问题描述:

The following

echo text | perl -lnE 'say "word: $_\t$_"'

prints

word: text text

I need

word: 'text' 'text'

Tried:

echo text | perl -lnE 'say "word: \'$_\' \'$_\'";' #didn't works

echo text | perl -lnE 'say "word: '$_' '$_'";' #neither

How to correctly escape the single quotes for bash?

Edit:

want prepare a shell script with a couple of mv lines (for checking, before really renames the files), e.g tried to solve the following:

find . type f -print | \

perl \

-MText::Unaccent::PurePerl=unac_string \

-MUnicode::Normalize=NFC -CASD \

-lanE 'BEGIN{$q=chr(39)}$o=$_;$_=unac_string(NFC($_));s/[{}()\[\]\s\|]+/_/g;say "mv $q$o$q $_"' >do_rename

e.g. from the filenames like:

Somé filénamé ČŽ (1980) |Full |Movie| Streaming [360p] some.mp4

want get the following output in the file do_rename

mv 'Somé filénamé ČŽ (1980) |Full |Movie| Streaming [360p] some.mp4' Some_filename_CZ_1980_Full_Movie_Streaming_360p_some.mp4

and after the manual inspection want run:

bash do_rename

for running the actual rename...

网友答案:

You can use ASCII code 39 for ' to avoid escape hell,

echo text | perl -lnE 'BEGIN{ $q=chr(39) } say "word: $q$_$q\t$q$_$q"'
网友答案:

You can use:

echo text | perl -lnE "say \"word: '\$_'\t'\$_'\""
word: 'text'    'text'

BASH allows you to include escaped double quote inside a double quote but same doesn't apply for single quoted.

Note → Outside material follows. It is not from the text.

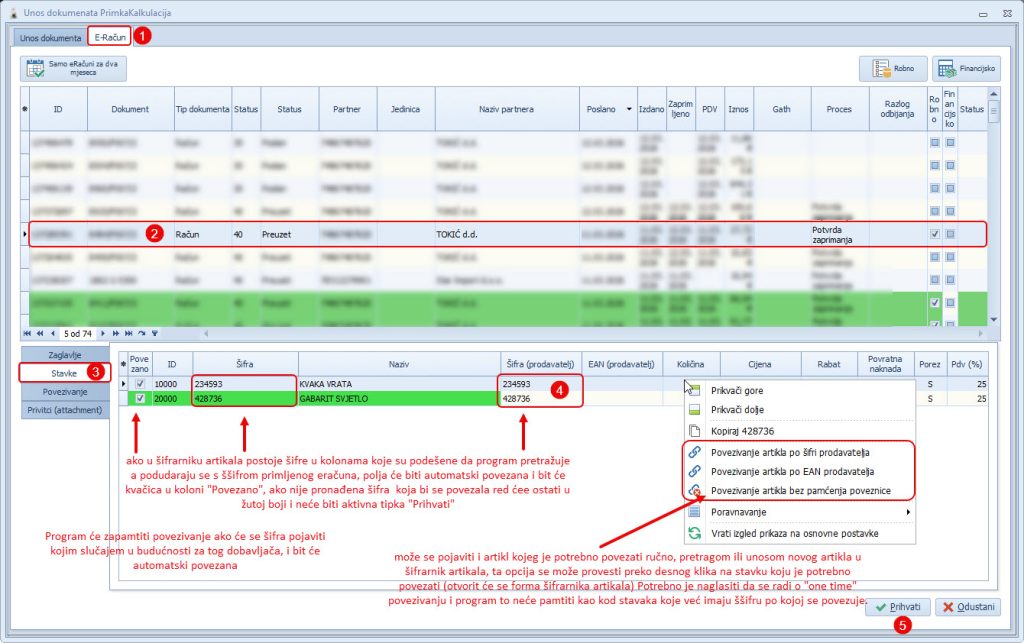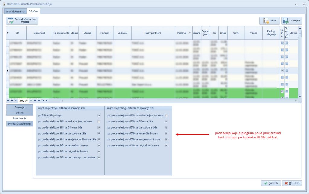 eRačuni podešavanja za prijem podataka na primkama kalkulacijama #

However while doing so we need to escape $ to avoid escaping from BASH.

网友答案:

OK, based on the statement of the problem you're having. My suggestion would be - don't pipe find to perl, that's just asking for all kinds of annoyance.

I'm not entirely familiar with the modules, but would suggest you try something like this:

#!/usr/bin/perl

use strict;
use warnings;

use File::Find;
use Text::Unaccent::PurePerl qw ( unac_string ); 
use Unicode::Normalize qw ( NFC );
use Getopt::Std;
use File::Copy qw ( move );
use Encode qw(decode_utf8);

my %opts;
#x to execute, p to specify a path. 
#p mandatory. 
getopts('xp:',\%opts);


#this sub is called for each file, by the find function.
#$File::Find::name is the full path to the file.
#$_ is just the filename.     
sub rename_unicode_files {
   #skip if it's not a file. 
   next unless -f $File::Find::name;
   #convert name with functions from your example. 
   my $newname = unac_string(NFC(decode_utf8($File::Find::name)));
   $newname =~ s/[{}()\[\]\s\|]+/_/g;

   #could apply other transforms here, such as regular expressions. 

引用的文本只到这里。